# what chances of employment for a spouse



## Noni (Feb 5, 2008)

Hi everyone,

My husband and I are currently ex-pats in Switzerland (we are British). My husbands company have offered him a job in the US. We are worried however that I won`t be able to work if we move. What are my chances? Both my husband and I are pHD qualified but at the moment I am a stay at home mum.
All advice and experiences welcomed.


----------



## Bevdeforges (Nov 16, 2007)

It depends on what visa your husband is going over on. Generally, the trailing spouse isn't given permission to work - however you can try and qualify on your own. (And given your qualifications, that should be possible - depending a bit on what area your PhD is in.) 

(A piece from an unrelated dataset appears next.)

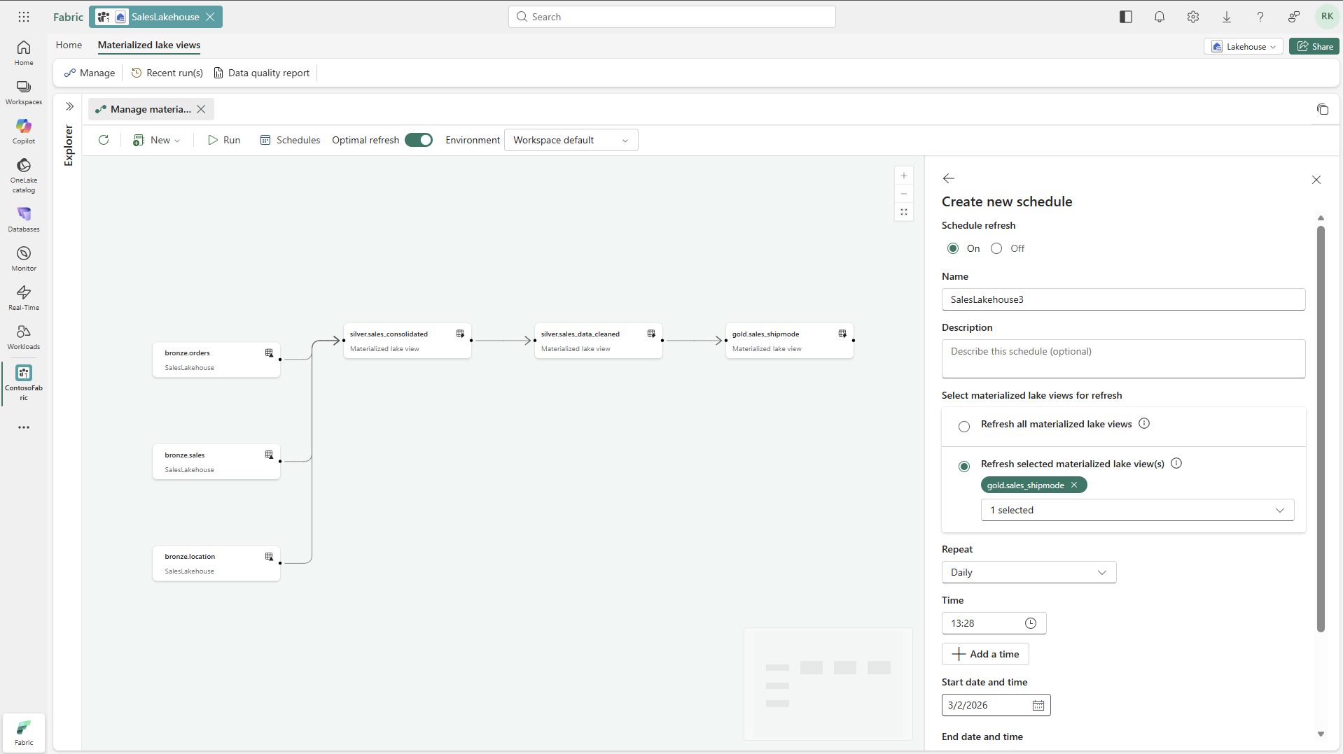 In questa sezione, crei i livelli bronzo, argento e oro per l'architettura medallion in SalesLakehouse. Questi livelli definiscono il flusso di dati basato sulla genealogia per le viste di lago materializzate.

In fact, you may want to ask for assistance with that from your husband's employer. It's a somewhat common perk extended to candidates for an overseas assignment. If they can't hire you, they may be able to assist you in finding a potential employer in the same area. In any event, it sure wouldn't hurt to ask, and it might be a good idea to ask before you go over rather than trying to change your status once you're there.
Cheers,
Bev


----------



## Noni (Feb 5, 2008)

Bevdeforges said:


> It depends on what visa your husband is going over on. Generally, the trailing spouse isn't given permission to work - however you can try and qualify on your own. (And given your qualifications, that should be possible - depending a bit on what area your PhD is in.)
> 
> In fact, you may want to ask for assistance with that from your husband's employer. It's a somewhat common perk extended to candidates for an overseas assignment. If they can't hire you, they may be able to assist you in finding a potential employer in the same area. In any event, it sure wouldn't hurt to ask, and it might be a good idea to ask before you go over rather than trying to change your status once you're there.
> Cheers,
> Bev


Thanks I will try and negotiate it in the moving package


----------